URL: http://www.terradaily.com/reports/The_hermit_of_Fukushima_staying_put_despite_risks_999.html

Broeder Hugo, Netherlands hermit

Brother (Broeder) Hugo is a Dutch Catholic hermit, born in Drendts, Netherlands, in 1976, a convert. He lives in the vault of an old church in Warfhuizen, in northeastern Netherlands. The church itself is open to the public, attracted by Broeder Hugo’s Marian devotion. His growing popularity is due in part to his embrace of social media (using a web site, Facebook page, and Twitter) for spiritual counseling, his practical advice and recommended readings, and his youthful and friendly manner.

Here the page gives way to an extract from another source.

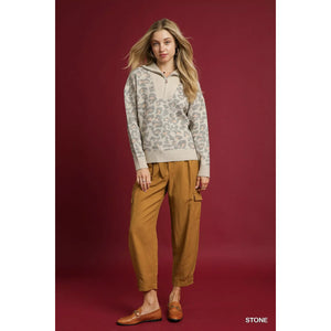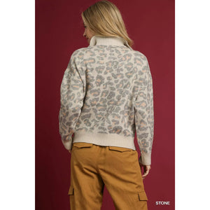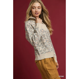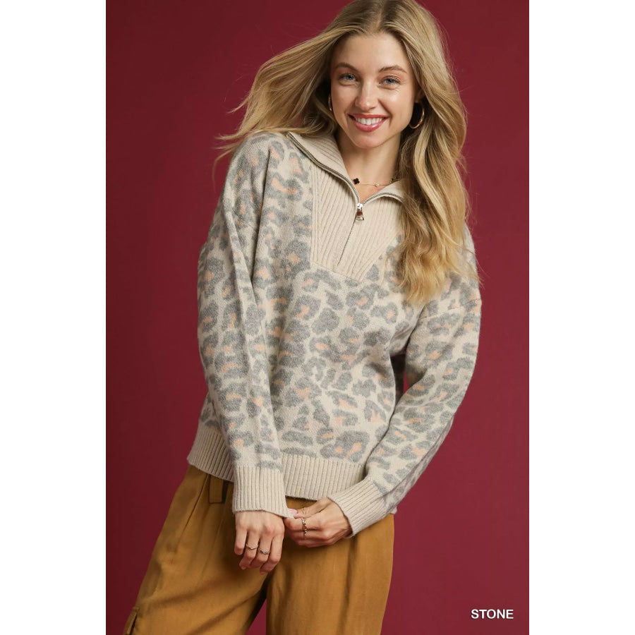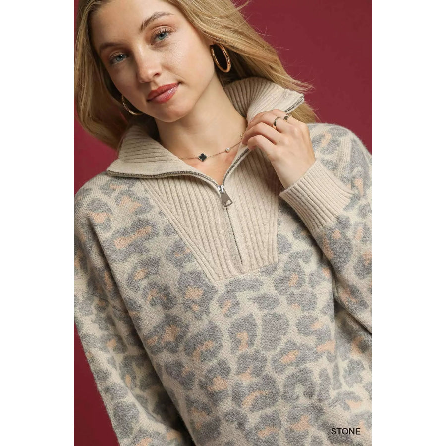 Umgee Leopard Print Quarter-Zip Knit Sweater

The website (titled “Kluizenarij OLV van de Besloten Tuin” or Hermit of Our Lady’s Enclosed Garden”) is all in Dutch. Includes a video (“Kluizenaar de Film” – “The Hermit on Film”) that follows Broeder Hugo on a typical day.

URL: http://www.beslotentuin.nl/
More info: http://en.wikipedia.org/wiki/Our_Lady_the_Garden_Enclosed

Hermit drama

“Next Time I’ll Sing to You” is the title of a play by James Saunders, produced in 1962 and occasionally performed, most recently at the Orange Tree Theatre in Richmond (London). The play has also been staged briefly on Broadway in New York. The play is a “play within a play” with actors/characters waiting for the hermit James Alexander Mason, the “Hermit of Great Canfield, Essex,” to arrive. A summary of the play as found in a recent article in the Richmond Twickenham Times:

The play follows four actors trying to find out the truth about a hermit named James Alexander Mason, who decided in 1906 at the age of 48 to sell his cottage, build a hut in a field beyond his village, surround it with ditches, hives of wild bees, barbed wire and two tonnes of corrugated iron fence to take up solitary residence. His brother left him food every day, but he was not seen again until at the age of 84, when he was brought out dead.

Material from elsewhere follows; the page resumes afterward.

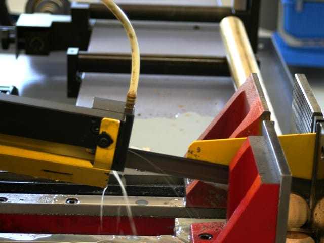 La platine est au départ une carotte de plusieurs mètres découpée en tranche par une scie à ruban comme l’illustre la photographie suivante :

The characters explore a variety of philosophical questions, and moments of Mason’s life and thought are recreated in a non-linear drama that challenges audiences to reflect on meaning, society, and self.

URLs: http://www.richmondandtwickenhamtimes.co.uk/news/9372586.Next_Time_I_ll_Sing_to_You_offers_something_to_think_about/
http://playstosee.com/page.php?sad=play&id=333

“Hermit of Lost Island,” Bahamas

Article in “Island Notes,” a feature column of Bahamaislandinfo, titled “Sadly Lost to the World: The Hermit of Lost Island,” about the American Trappist monk Gerald Groves.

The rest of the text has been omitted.